* What you should do
In the entries that follow, find the line containing "Bac de rangement" and the line containing "Designed and hand", then retype exactly the lines from the first through the second, pictures excluded.

(Task inputs)

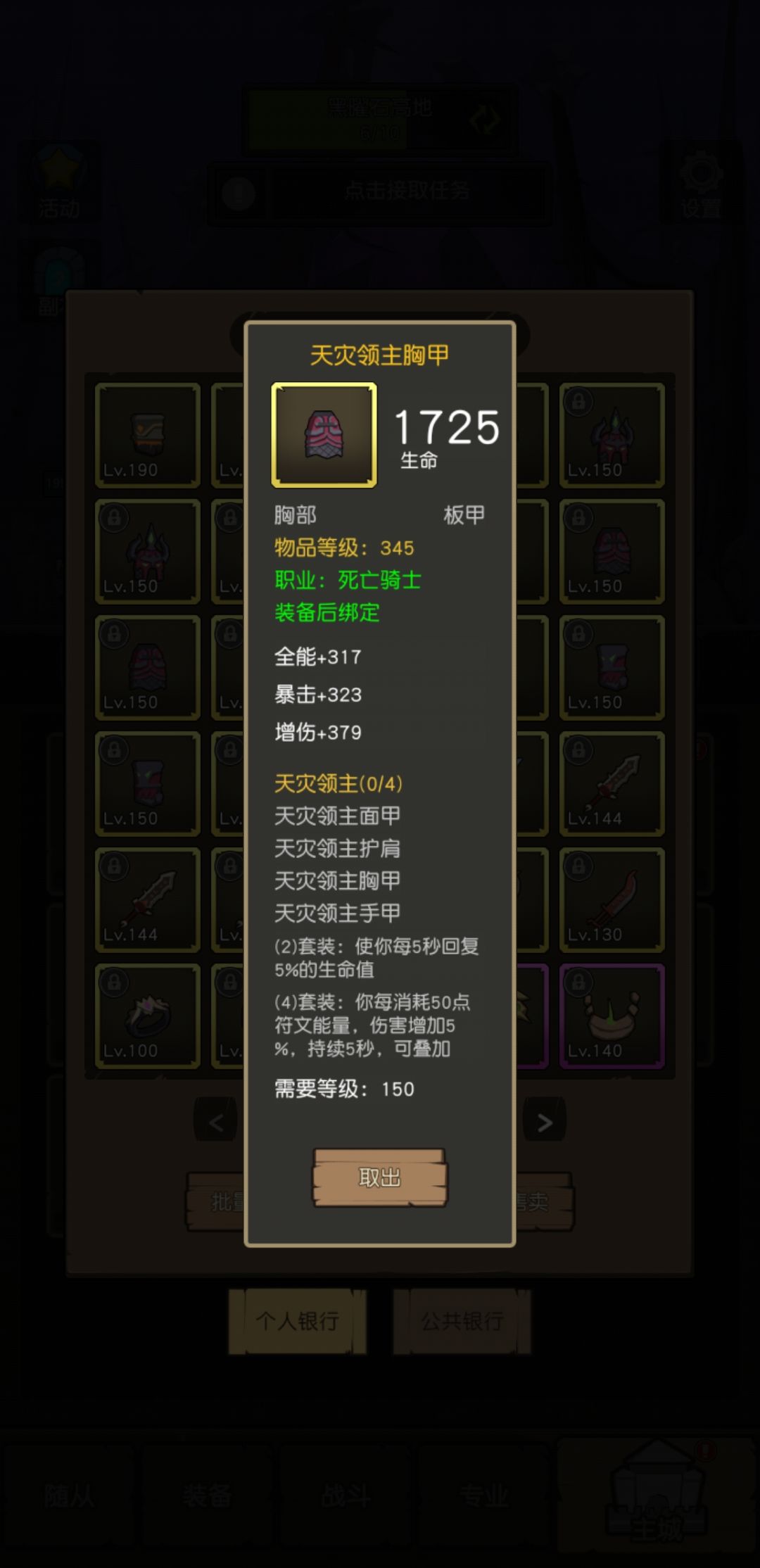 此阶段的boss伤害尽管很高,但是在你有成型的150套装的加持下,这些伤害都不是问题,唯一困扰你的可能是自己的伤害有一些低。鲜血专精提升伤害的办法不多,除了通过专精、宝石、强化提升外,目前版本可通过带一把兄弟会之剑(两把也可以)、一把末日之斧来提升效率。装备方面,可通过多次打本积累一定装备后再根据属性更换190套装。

(End Task inputs)
(Task inputs)

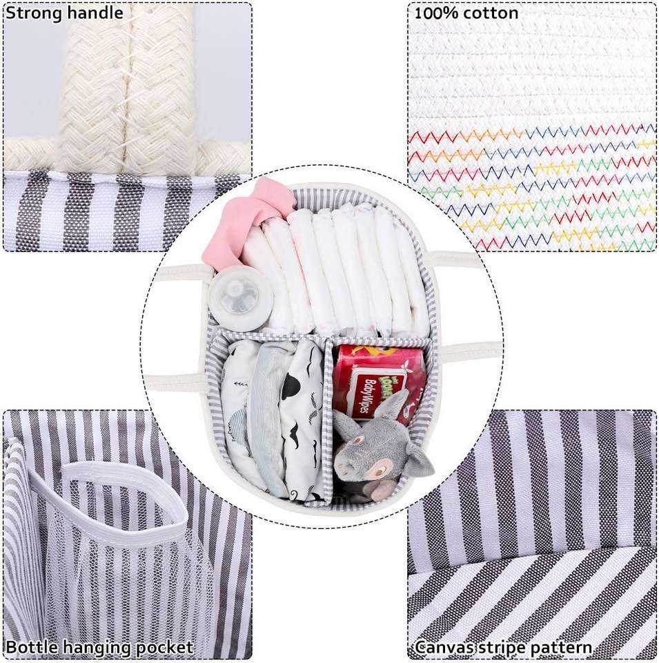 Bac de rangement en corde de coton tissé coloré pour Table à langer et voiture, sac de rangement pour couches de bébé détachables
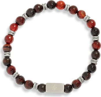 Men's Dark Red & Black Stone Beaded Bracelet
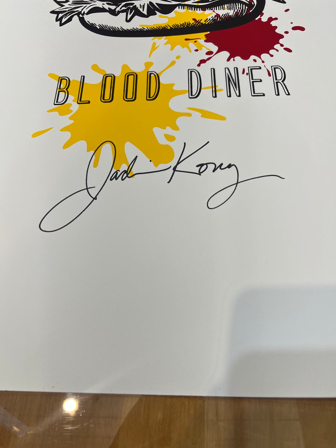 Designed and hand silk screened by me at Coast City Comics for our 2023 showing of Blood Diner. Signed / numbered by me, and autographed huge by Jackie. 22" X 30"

(End Task inputs)
(Task inputs)

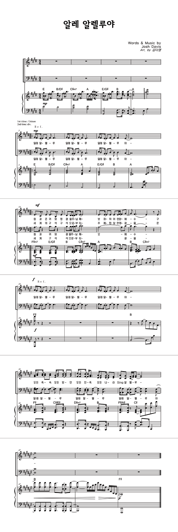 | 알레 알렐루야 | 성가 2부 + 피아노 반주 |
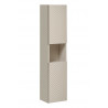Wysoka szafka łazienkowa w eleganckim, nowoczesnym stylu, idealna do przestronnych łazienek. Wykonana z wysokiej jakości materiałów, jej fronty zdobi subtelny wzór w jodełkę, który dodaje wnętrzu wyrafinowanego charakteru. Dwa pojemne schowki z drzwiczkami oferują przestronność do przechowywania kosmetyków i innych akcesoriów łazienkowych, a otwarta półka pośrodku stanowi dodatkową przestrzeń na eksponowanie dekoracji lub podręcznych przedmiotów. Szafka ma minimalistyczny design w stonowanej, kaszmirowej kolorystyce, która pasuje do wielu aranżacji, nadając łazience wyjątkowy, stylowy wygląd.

(End Task inputs)

* Written answer
 Bac de rangement en corde de coton tissé coloré pour Table à langer et voiture, sac de rangement pour couches de bébé détachables
 Men's Dark Red & Black Stone Beaded Bracelet
 Designed and hand silk screened by me at Coast City Comics for our 2023 showing of Blood Diner. Signed / numbered by me, and autographed huge by Jackie. 22" X 30"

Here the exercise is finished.